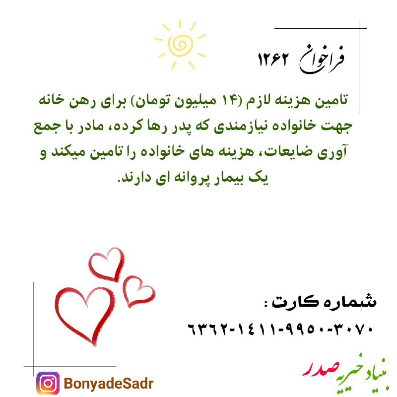 🦋 #فراخوان ۱۲۶۲❤️ سرپناهی برای یک خانواده✍ خانواده ای ٥ نفره که پدر خانواده را رها کرده، و مادر با جمع آوری ضایعات، هزینه های خانواده را تامین میکند. این خانواده که یک فرزند با بیماری پروانه ای نیز دارد، هم اکنون در یک زیرزمین نم زده با شرایط بسیار نامناسب در یزد زندگی میکنند.با […]
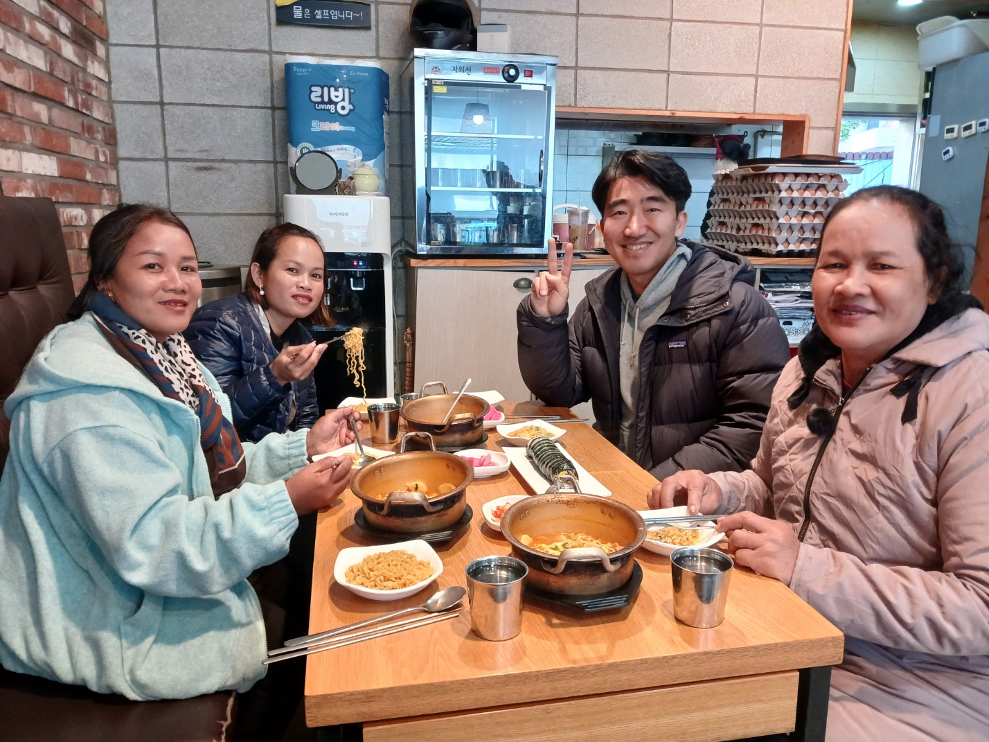 내년 3차 캄.사모 한국방문을 하게된다면 한국 교회 사모님들과 같이 3일정도 세미나를 압해도에서 할까 생각해본다. 한국 사모님들이 한 session씩 맡아 진행하고 인근의 퍼플 섬, 천사대교, 문준경기념관, 갯뻘체험등을 방문하며 교제하면 좋을것같다. 한국 사모님들의 다양한 체험과 간증이 캄.사모들에게 큰 격려와 도움이 되리라 생각한다. 안양에 도착하니 이상범목사님이 또 차를 가져오셔서 우리 짐들을 도봉산 인근의 숙소로 옮겨 주셨다. 이번 여행에서 벌써 몇번의 장거리 운행을 도와주셨고 내일 공항 갈때도 도와주신다. 연세가 70 이신데 우리 많은 짐들을 미리 같다놔 주시니 덕분에 우리의 여행이 편하지만 죄송스럽다. 안양에서 조영길목사님 일행과 식사교제를했다. 조목사님은 지금 82세로, 10여년전 우리 캄퐁솜 시내 선교관에서 한달여간 같이 지내셨다. 백석대학교에서도 오랬동안 가르치셨고 지금은 성경을 전체적인 파노라마 관점에서 목사님들에게 가르치신다. 사모님과 여러목사님이 같이 오셔서 식사를 하며 이야기했다. 10여년전 김인성선교사를 우리에게 소개하셨고 김선교사는 지금 캄퐁츠낭에서 초등학교 사역을하고 중학교 건물도 완공했다.
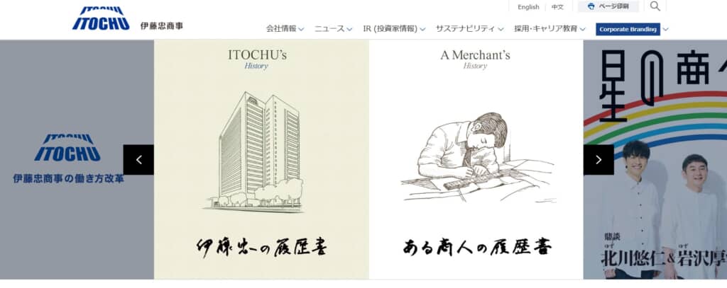 伊藤忠商事は「売り手よし・買い手よし・世間よし」という「三方よし」の精神を企業理念に掲げます。繊維、機械、金属、エネルギー、化学品、食料、住生活、情報、金融といった幅広いビジネスを展開しており、自分の持つ経験や技術を生かせる環境であることが、学生から人気を得ている要因かもしれませんね。
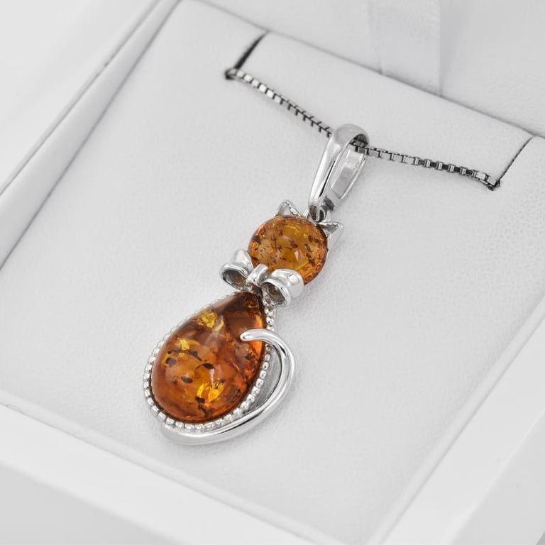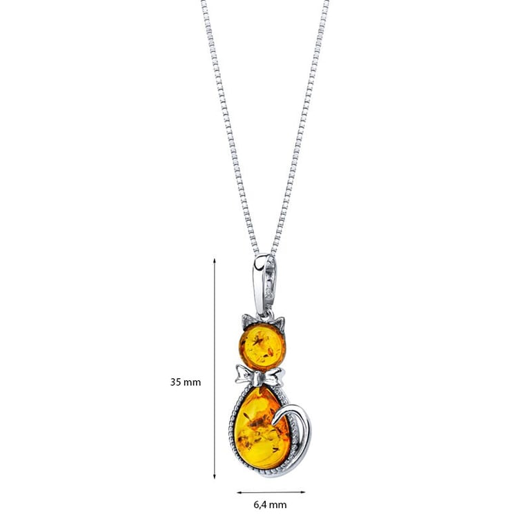 Bernstein Kätzchen im silbernen Anhänger Meow
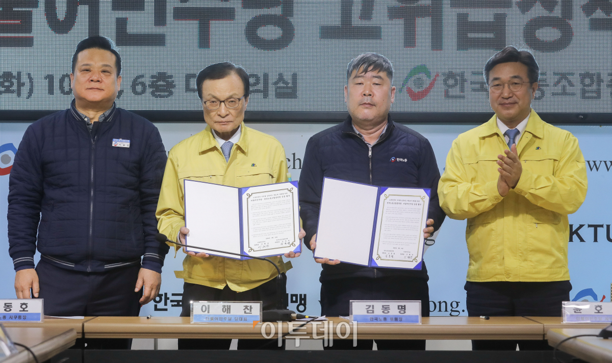 이해찬 더불어민주당 대표와 김동명 한국노동조합총연맹 위원장이 10일 서울 여의도 한국노총에서 열린 더불어민주당-한국노동조합총연맹 고위급 정책협의회에서 노동존중 협약서에 서명한 뒤 기념촬영을 하고 있다.
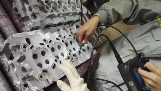 上圖為亞泰光電SIE超清系列視頻內(nèi)窺鏡在雷諾汽車鑄造車間檢查氣缸缸蓋做內(nèi)部探傷,以判斷是否合格.
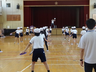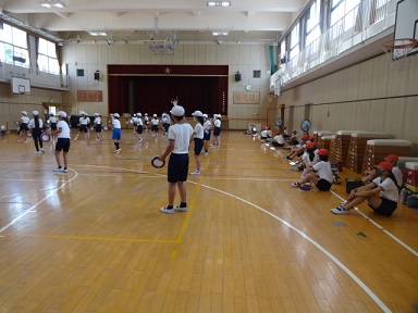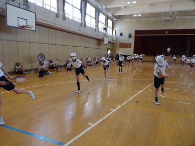 5年生が運動会の団体演技の練習を体育館でしていました。
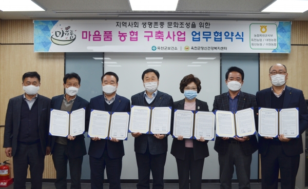 [충청뉴스큐] 옥천군은 농협중앙회 옥천군지부와 자살예방 및 생명존중 문화조성을 위한‘마음품 농협 구축사업’을 위한 업무 협약식을 개최했다.
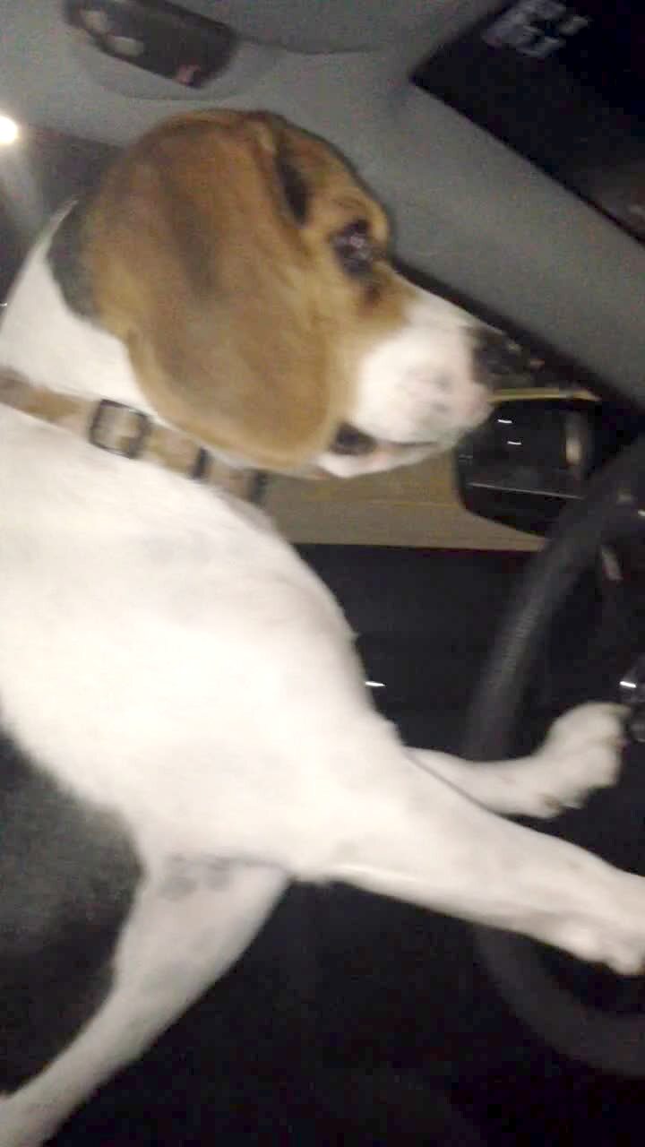 A Beagle dog honks the horn of a car to encourage his owner to hurry back.
-=-=-
§ **Work to complete**:
Your task is to transcribe all of the records precisely, with no images included.

§ **Response**:
 🦋 #فراخوان ۱۲۶۲❤️ سرپناهی برای یک خانواده✍ خانواده ای ٥ نفره که پدر خانواده را رها کرده، و مادر با جمع آوری ضایعات، هزینه های خانواده را تامین میکند. این خانواده که یک فرزند با بیماری پروانه ای نیز دارد، هم اکنون در یک زیرزمین نم زده با شرایط بسیار نامناسب در یزد زندگی میکنند.با […]
 내년 3차 캄.사모 한국방문을 하게된다면 한국 교회 사모님들과 같이 3일정도 세미나를 압해도에서 할까 생각해본다. 한국 사모님들이 한 session씩 맡아 진행하고 인근의 퍼플 섬, 천사대교, 문준경기념관, 갯뻘체험등을 방문하며 교제하면 좋을것같다. 한국 사모님들의 다양한 체험과 간증이 캄.사모들에게 큰 격려와 도움이 되리라 생각한다. 안양에 도착하니 이상범목사님이 또 차를 가져오셔서 우리 짐들을 도봉산 인근의 숙소로 옮겨 주셨다. 이번 여행에서 벌써 몇번의 장거리 운행을 도와주셨고 내일 공항 갈때도 도와주신다. 연세가 70 이신데 우리 많은 짐들을 미리 같다놔 주시니 덕분에 우리의 여행이 편하지만 죄송스럽다. 안양에서 조영길목사님 일행과 식사교제를했다. 조목사님은 지금 82세로, 10여년전 우리 캄퐁솜 시내 선교관에서 한달여간 같이 지내셨다. 백석대학교에서도 오랬동안 가르치셨고 지금은 성경을 전체적인 파노라마 관점에서 목사님들에게 가르치신다. 사모님과 여러목사님이 같이 오셔서 식사를 하며 이야기했다. 10여년전 김인성선교사를 우리에게 소개하셨고 김선교사는 지금 캄퐁츠낭에서 초등학교 사역을하고 중학교 건물도 완공했다.
 伊藤忠商事は「売り手よし・買い手よし・世間よし」という「三方よし」の精神を企業理念に掲げます。繊維、機械、金属、エネルギー、化学品、食料、住生活、情報、金融といった幅広いビジネスを展開しており、自分の持つ経験や技術を生かせる環境であることが、学生から人気を得ている要因かもしれませんね。
 Bernstein Kätzchen im silbernen Anhänger Meow
 이해찬 더불어민주당 대표와 김동명 한국노동조합총연맹 위원장이 10일 서울 여의도 한국노총에서 열린 더불어민주당-한국노동조합총연맹 고위급 정책협의회에서 노동존중 협약서에 서명한 뒤 기념촬영을 하고 있다.
 上圖為亞泰光電SIE超清系列視頻內(nèi)窺鏡在雷諾汽車鑄造車間檢查氣缸缸蓋做內(nèi)部探傷,以判斷是否合格.
 5年生が運動会の団体演技の練習を体育館でしていました。
 [충청뉴스큐] 옥천군은 농협중앙회 옥천군지부와 자살예방 및 생명존중 문화조성을 위한‘마음품 농협 구축사업’을 위한 업무 협약식을 개최했다.
 A Beagle dog honks the horn of a car to encourage his owner to hurry back.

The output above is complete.